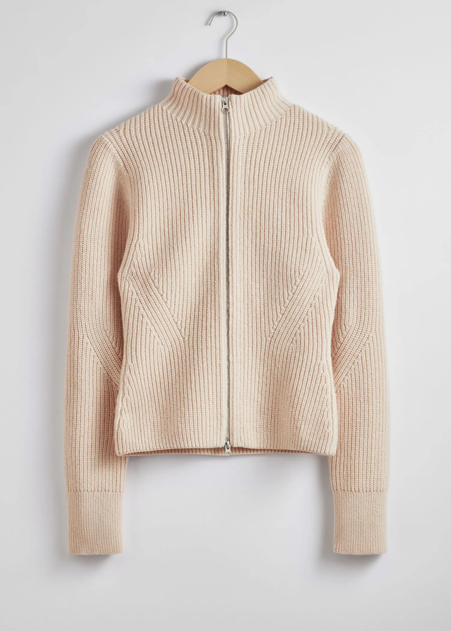 Ribbet Mock-Neck Uldstrikket Cardigan Afsluttet Med En To-Vejs Lynlås. Certificeret I Henhold Til Responsible Wool Standard (Cu893290) Længde På Cardigan: 54,5 Cm / 21,5″ (Størrelse S)
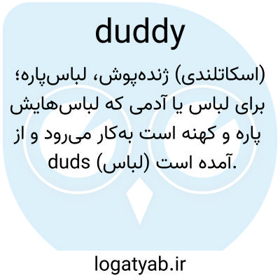 (اسکاتلندی) ژنده‌پوش، لباس‌پاره؛ برای لباس یا آدمی که لباس‌هایش پاره و کهنه است به‌کار می‌رود و از duds (لباس) آمده است.
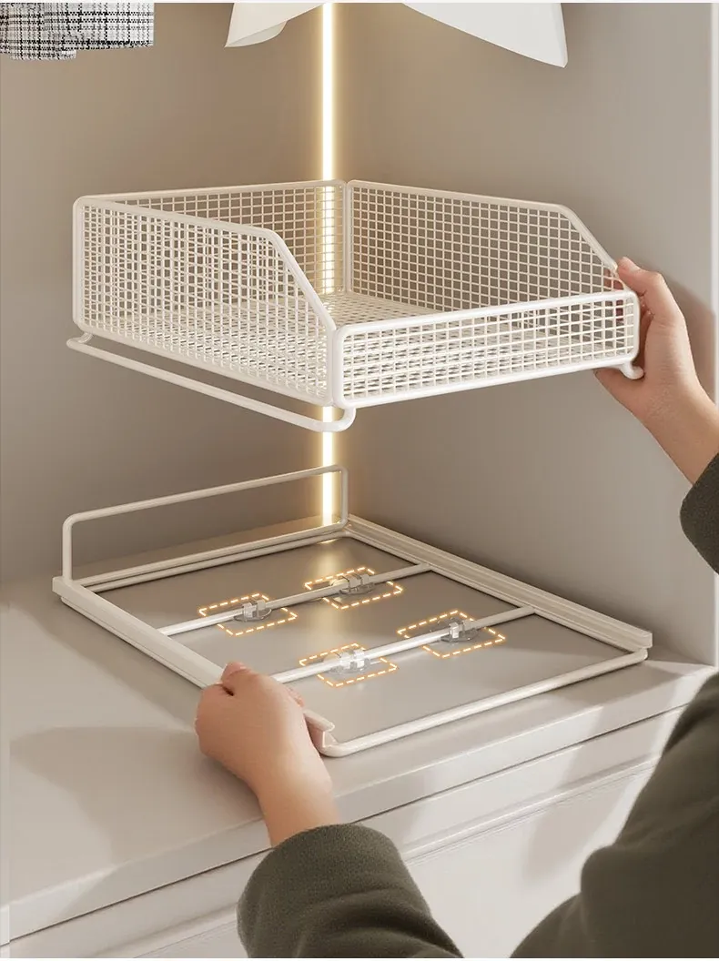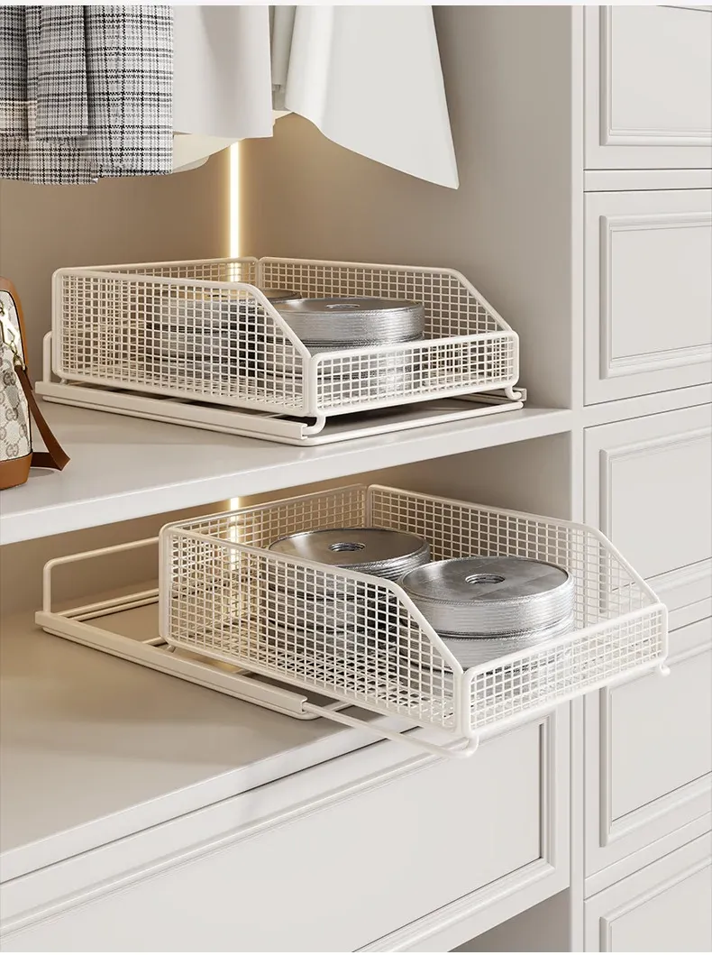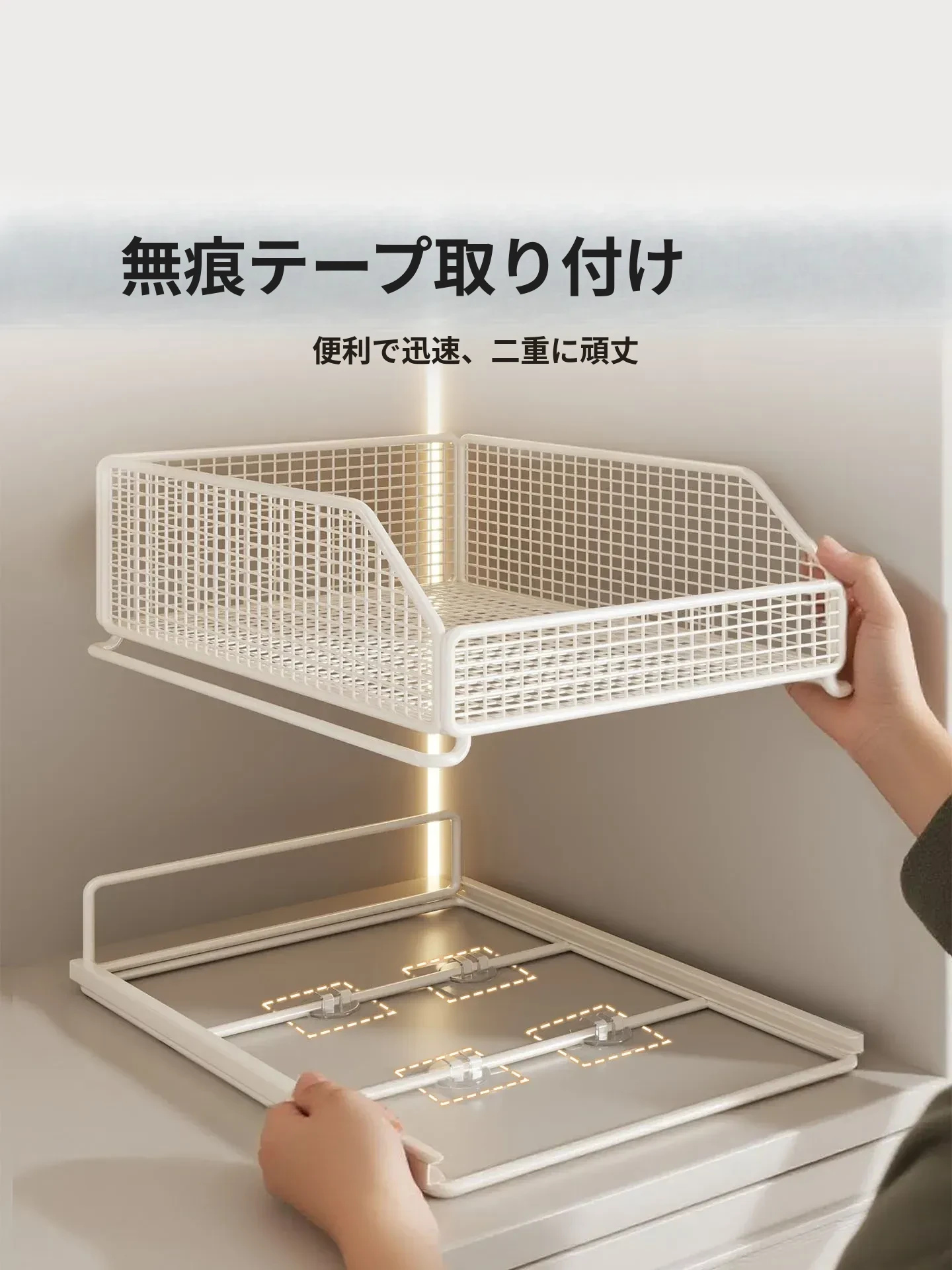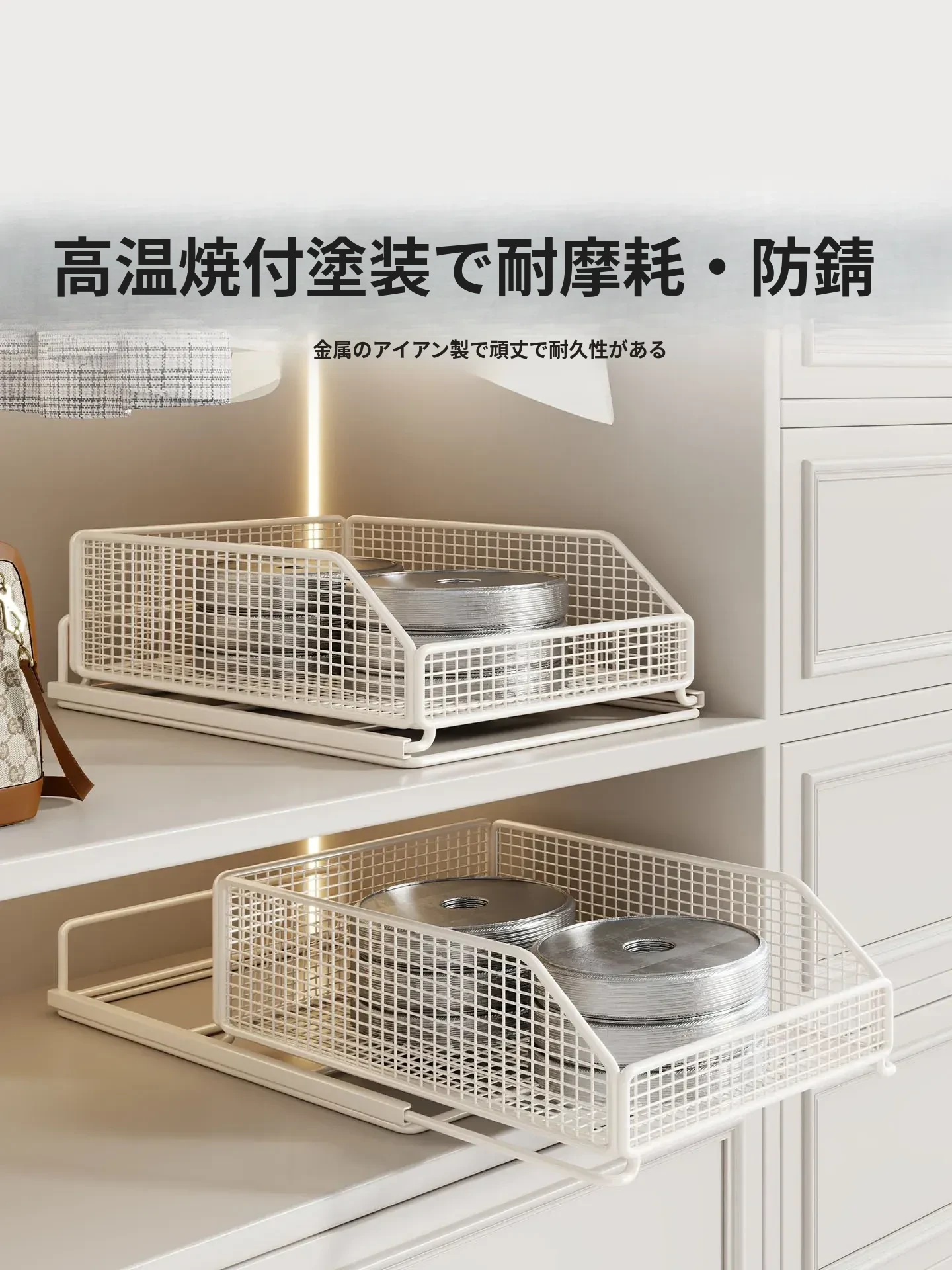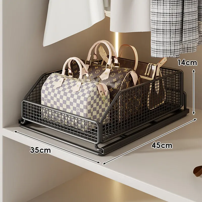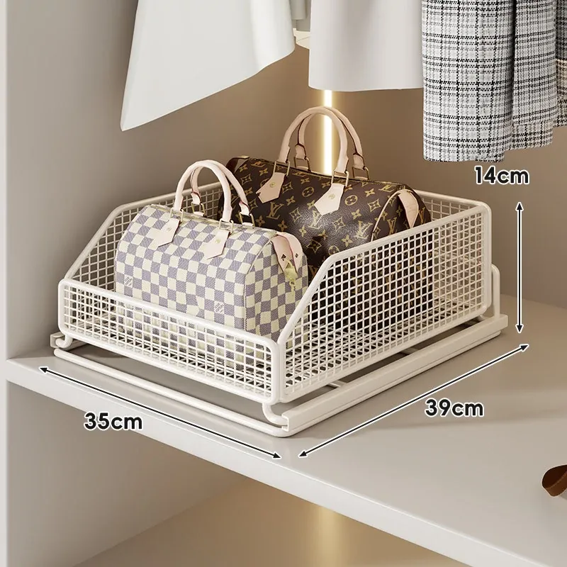 クローゼット引き出し式伸縮型バッグ収納ラック - 穴あけ不要で簡単設置!家庭用クローゼットに最適な分別収納ネットバスケット。整理整頓が楽々!
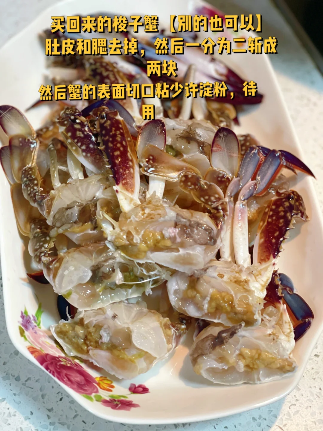 1. 买回来的梭子蟹【别的也可以】肚皮和腮去掉,然后一分为二斩成两块

———

** What you will do **
Exact copy, pictures excluded: repeat the lines from the top of the material through the line with "(اسکاتلندی) ژنده‌پوش، لباس‌پاره؛".

** Problem solution **
 Ribbet Mock-Neck Uldstrikket Cardigan Afsluttet Med En To-Vejs Lynlås. Certificeret I Henhold Til Responsible Wool Standard (Cu893290) Længde På Cardigan: 54,5 Cm / 21,5″ (Størrelse S)
 (اسکاتلندی) ژنده‌پوش، لباس‌پاره؛ برای لباس یا آدمی که لباس‌هایش پاره و کهنه است به‌کار می‌رود و از duds (لباس) آمده است.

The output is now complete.